Pas du tout ! C’est nous qui fabriquons avec nos corps la notion du cinéma : on travaille sur l’idée du cinéma, mais sans la projection vidéo. Mais il y a sous-jacent le mouvement du cinéma, sa vitesse. Il y a un travail autour de l’idée de personnages dans le cadre de la caméra…
Une patte Martin-Gousset ?
J’imagine qu’on retrouve une même sensation dans mes spectacles. Il y a des explosions, mais aussi des moments où ça se redépose et ça s’épure. Il y a des contrastes, une alternance entre des moments graphiques très purs et d’autres plus explosifs de pure énergie. […] J’ai mon propre univers… Je pars du cinéma pour m’inspirer – mais aussi de la peinture – avec toujours cette idée d’action. La danse, pour moi, est mouvement donc action. Et je pense qu’action et mouvement peuvent se rejoindre. […] Quand j’utilise la vidéo, c’est à des fins dramaturgiques. Le mouvement (ou le corps du danseur) est relié à une certaine idée de la dramaturgie. Oui, j’ai commencé par le théâtre, et oui, je trouve intéressant de ne pas être que dans l’écriture du mouvement pur dans l’espace. Mouvement… Le mot est lui-même très complexe. On peut être immobile et donner une sensation de mouvement, donc ça ne veut rien dire. J’essaie de trouver d’autres formes de langage chorégraphique, qui ne soient pas une succession de gestes chorégraphiques les uns après les autres. Ça ne m’intéresse pas que la danse devienne juste un geste après l’autre. Moi, ce qui m’intéresse, c’est la dimension scénique de tout ça. Le corps sur scène.
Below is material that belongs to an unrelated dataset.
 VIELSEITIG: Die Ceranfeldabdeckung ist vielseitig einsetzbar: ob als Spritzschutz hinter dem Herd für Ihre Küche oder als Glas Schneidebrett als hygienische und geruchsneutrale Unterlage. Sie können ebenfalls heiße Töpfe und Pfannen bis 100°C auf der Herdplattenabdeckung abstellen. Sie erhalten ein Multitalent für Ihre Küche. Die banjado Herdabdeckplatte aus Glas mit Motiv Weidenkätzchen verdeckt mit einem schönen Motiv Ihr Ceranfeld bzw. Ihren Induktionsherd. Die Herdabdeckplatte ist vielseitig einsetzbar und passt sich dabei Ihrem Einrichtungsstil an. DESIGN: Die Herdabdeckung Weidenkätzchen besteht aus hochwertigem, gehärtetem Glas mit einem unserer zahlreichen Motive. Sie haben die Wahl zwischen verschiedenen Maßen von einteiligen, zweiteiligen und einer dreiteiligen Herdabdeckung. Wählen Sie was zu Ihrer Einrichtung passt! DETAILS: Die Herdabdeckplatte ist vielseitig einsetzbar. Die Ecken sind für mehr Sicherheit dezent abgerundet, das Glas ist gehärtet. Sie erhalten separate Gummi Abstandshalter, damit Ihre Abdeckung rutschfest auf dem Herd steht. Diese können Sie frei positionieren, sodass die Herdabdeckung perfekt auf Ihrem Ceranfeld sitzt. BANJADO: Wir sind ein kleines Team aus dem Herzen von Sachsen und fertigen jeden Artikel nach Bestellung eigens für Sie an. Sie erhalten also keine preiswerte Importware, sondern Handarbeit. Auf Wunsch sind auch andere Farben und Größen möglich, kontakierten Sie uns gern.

C’est avec In Vivo, créé en 2007, que Mickaël Le Mer s’installe dans la cour des grands. Il poursuit ses expérimentations personnelles autour de la matière danse, tout en développant une grande maîtrise de l’espace scénique et de toutes les composantes du spectacle (lumière, scénographie, musique…). Rentrée chargée pour cet artiste singulier, à la danse puissante et d’une grande sensibilité poétique, puisqu’il présentera en première mondiale Na Grani (création franco-russe de 10 danseurs) avant de revenir avec In Vivo au Toboggan les 14 et 15 octobre – il est l’un des 3 lauréats du concours [Re]connaissance 09, qui travaille à mettre en avant de jeunes compagnies émergentes.
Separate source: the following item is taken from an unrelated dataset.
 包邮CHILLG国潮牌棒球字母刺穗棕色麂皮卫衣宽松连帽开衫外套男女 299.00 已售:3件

Comment définiriez-vous l’essence de cette nouvelle pièce ?
Un travail de recherche sur le lien qu’il peut y avoir entre danse contemporaine et hip-hop. En termes de gestuelle, quels sont les points communs ? On ne demande pas aux danseurs hip-hop de faire du Compagnie Catherine Diverrès contemporain et vice versa, mais plutôt de mettre en commun des choses… dans une idée de rencontre, de rapport à l’autre. On a surtout travaillé ça sur le rapport au sol. On essaie aussi de marier le travail au sol de la danse hip-hop avec un travail, plus debout, de bras de la danse contemporaine.
Vous avez une philosophie de travail assez singulière, qui met en avant l’humain.
C’est une démarche très contemporaine… Que chaque interprète soit dans sa danse et non une reproduction de la danse de l’autre. Même dans les chorégraphies d’ensemble, on essaie vraiment de travailler pour que chacun ait sa liberté, que chacun trouve sa place et soit à sa place. Mais aussi que chacun puisse trouver chez l’autre ce qui est intéressant pour lui-même dans sa danse. On est vraiment dans un travail de déconstruction-reconstruction. Il y a toujours, aussi, l’idée de travailler sur le collectif, que chacun se connaisse par la danse pour ensuite pouvoir travailler sereinement dans cette idée de collectif. De là, on rejoint l’idée de famille. Et ce qui existe à l’extérieur du plateau sert aussi à la mise en place de la pièce. Ce qu’on va donner à voir ? Un mélange des genres, cette énergie qui va se dégager de ces 10 danseurs. De la musique, des temps de silence, des passages avec des notes très fines, des temps très dynamiques, des moments d’ensemble, des solos, des duos… Pas mal d’émotion, j’espère, aussi ! Avec l’envie de défendre des choses simples mais belles… L’envie d’exister, le droit d’exister, la notion de différence…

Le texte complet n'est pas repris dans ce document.